Visually, Funny Face remains one of the most beautiful fashion films ever made. Influenced significantly by photographer Richard Avedon, its compositions, costumes, and Parisian locations continue to inspire fashion photography today. More than a film about fashion, Funny Face became part of fashion history itself.
Equally compelling is Coco Before Chanel (2009), a thoughtful portrait of Gabrielle Chanel before she became an icon. Rather than celebrating glamour, the film explores the difficult process through which an impoverished orphan reinvented both herself and women’s fashion.
Audrey Tautou gives a restrained, deeply human performance, portraying Chanel not as a legend but as an ambitious woman shaped by loneliness, hardship, and determination. The film’s understated visual style perfectly complements Chanel’s own minimalist philosophy.
Although the film occasionally romanticizes its subject while avoiding some of the more controversial aspects of Chanel’s later life, it remains an elegant meditation on identity, creativity, and perseverance.
No discussion of fashion cinema would be complete without The Devil Wears Prada (2006), one of the defining films ever made about the fashion industry. Beneath its wit and glamour lies a sharp examination of power, ambition, media, and the sacrifices demanded by professional success.
Meryl Streep’s unforgettable Miranda Priestly remains one of contemporary cinema’s most iconic characters—simultaneously intimidating, admirable, and endlessly fascinating. Rather than reducing fashion to superficial spectacle, the film reveals it as a fiercely competitive world governed by relentless expectations.

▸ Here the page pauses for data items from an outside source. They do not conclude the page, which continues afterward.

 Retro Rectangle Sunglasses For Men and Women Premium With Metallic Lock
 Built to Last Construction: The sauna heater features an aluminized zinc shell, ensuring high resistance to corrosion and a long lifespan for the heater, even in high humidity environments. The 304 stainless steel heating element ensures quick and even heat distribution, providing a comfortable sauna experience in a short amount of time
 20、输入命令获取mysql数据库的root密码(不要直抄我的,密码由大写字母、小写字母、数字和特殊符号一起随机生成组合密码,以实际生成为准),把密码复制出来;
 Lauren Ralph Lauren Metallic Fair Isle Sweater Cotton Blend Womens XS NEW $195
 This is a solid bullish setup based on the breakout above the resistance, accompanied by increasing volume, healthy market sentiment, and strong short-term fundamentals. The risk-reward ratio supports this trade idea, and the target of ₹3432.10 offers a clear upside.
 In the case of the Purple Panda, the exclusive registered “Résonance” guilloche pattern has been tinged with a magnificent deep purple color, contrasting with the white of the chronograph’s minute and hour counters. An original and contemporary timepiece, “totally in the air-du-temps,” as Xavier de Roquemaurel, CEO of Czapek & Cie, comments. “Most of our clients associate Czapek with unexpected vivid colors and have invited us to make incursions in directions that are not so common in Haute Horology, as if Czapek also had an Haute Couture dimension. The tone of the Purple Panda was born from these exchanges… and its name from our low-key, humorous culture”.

Its long-awaited sequel, released in early 2026, revisits these characters within the radically transformed media landscape of the digital age. While it never quite recaptures the freshness of the original and occasionally leans too heavily on nostalgia, it offers an intelligent reflection on changing journalism, fashion publishing, and the passage of time. The reunion of Meryl Streep and Anne Hathaway remains its greatest pleasure.

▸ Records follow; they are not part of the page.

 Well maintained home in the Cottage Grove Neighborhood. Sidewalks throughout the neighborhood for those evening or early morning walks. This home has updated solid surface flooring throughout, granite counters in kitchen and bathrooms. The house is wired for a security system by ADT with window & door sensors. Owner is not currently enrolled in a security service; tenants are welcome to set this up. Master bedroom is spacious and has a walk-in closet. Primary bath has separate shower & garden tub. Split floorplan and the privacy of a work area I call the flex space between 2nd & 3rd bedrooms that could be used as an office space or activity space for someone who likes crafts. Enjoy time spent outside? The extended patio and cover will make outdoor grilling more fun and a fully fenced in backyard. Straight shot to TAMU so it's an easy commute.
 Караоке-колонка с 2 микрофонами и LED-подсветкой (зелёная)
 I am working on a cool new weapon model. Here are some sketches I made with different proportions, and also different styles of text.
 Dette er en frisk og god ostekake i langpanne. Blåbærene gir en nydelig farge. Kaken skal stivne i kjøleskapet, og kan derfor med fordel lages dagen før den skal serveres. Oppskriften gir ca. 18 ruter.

Ultimately, Coco Before Chanel is an elegant portrait of a woman courageous enough to redefine her era. Gia reveals the hidden wounds beneath fame. Funny Face celebrates fashion as romance and artistic fantasy. The Devil Wears Prada remains the definitive cinematic exploration of power within the fashion industry, while its sequel reflects on how that world has evolved.
Couture, however, never truly becomes a film about fashion. Instead, it attempts to tell the stories of three women whose lives briefly intersect against the backdrop of Paris Fashion Week. Unfortunately, those stories remain both emotionally superficial and structurally fragmented. Despite its visual elegance and Angelina Jolie’s deeply affecting performance, Couture ultimately fades from memory soon after the credits roll.